Any marriage counsellor will tell you that communication is the key to a healthy marriage. In order for your marriage to remain strong you need to be able to talk to your spouse about everything – including things that might be hard. Anyone can have an argument, but it takes a certain degree of courage and trust to be able to have a productive conversation about a difficult topic. For many people, starting a difficult conversation is the hardest part – you will find tips to help you with this below.

*The Importance of Communication in Marriage*

Good communication in a marriage requires a conscious effort by both parties. Having a light conversation at the dinner table is very different from the process of working through a tough issue or a challenge that comes up in your marriage. In order to have a productive conversation with your spouse there needs to be a certain degree of trust in the relationship – trust that you both have each other’s best interests in mind, even if you have differing opinions. The simple act of having a tough conversation with your spouse is an indication of trust and respect. It shows that you value your relationship and you value the other person enough to want to work through the hard times instead of simply arguing or ignoring the issue. Unfortunately, having a hard conversation with your spouse can be very difficult at times but it is something you can learn to do over time.

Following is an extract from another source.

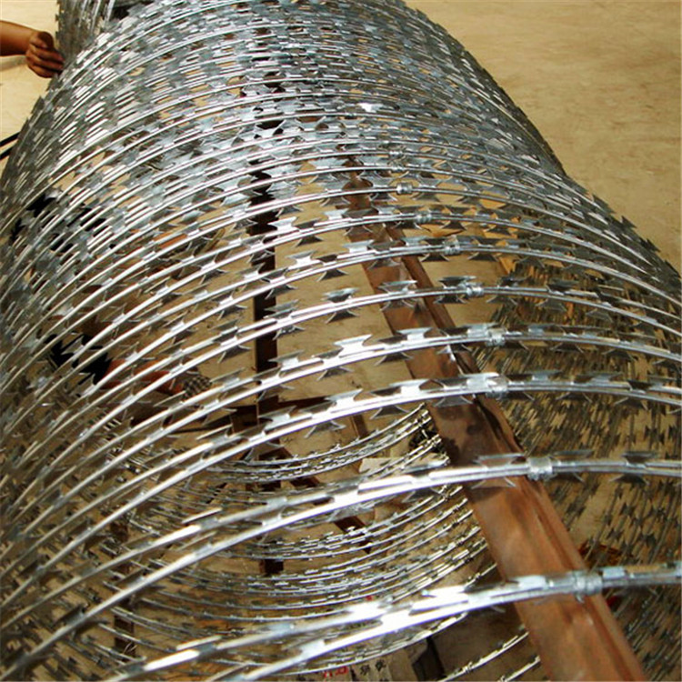 它采用鋼板(刀板)沖壓成型包附于熱鍍鋅鋼絲(芯線)之上,由銳利尖角鍍鋅鋼板或

*Tips for Starting a Tough Conversation*

The worst thing you can do when starting a difficult conversation with your spouse is to begin with an accusation. If you start things off like that your spouse will likely feel defensive and the conversation may not move in a productive direction. Instead, open up the conversation with a simple statement like, “I’d like to talk to you about [fill in the blank]”. This is enough to open your spouse up to the topic you want to discuss without making any accusatory statements. 

In addition to carefully choosing your opening line, you should also think about the timing for the conversation. It is not a good idea to start a difficult conversation when you or your spouse is very stressed or tired – wait until you are able to give each other your full attention. While you are waiting for the right time, it may be a good idea for you to write down some of your thoughts on paper. This will help you to focus yourself for the conversation so you do not get off-track and it will help you review things to make sure you aren’t making any accusations. When it comes time for the conversation, be open and honest with your spouse and try to avoid statements that include the word, “but”. 

After you bring up the main point for discussion and address some of your concerns, take a step back and allow your spouse to respond. Do not interrupt your spouse – they gave you their attention at the beginning of the conversation and now it is your turn to return the favor. While your spouse is speaking, it is important that you actually listen and consider their side of the issue – do not simply wait for them to stop speaking so you can start again. After you’ve both had time to speak, work together to come up with a solution for the problem and do not be afraid to consider a compromise. It may also come to pass that you cannot come to an agreement at that time – that is okay too, you can agree to revisit the topic later.

If you truly love your spouse and value your marriage you will make an effort to work through the hard times together. This may mean having the occasional tough conversation and it might not always go the way you think it will. Still, if you put in the time and effort to communicate with your spouse your marriage will be better for it.

~ Glen Community Support


----------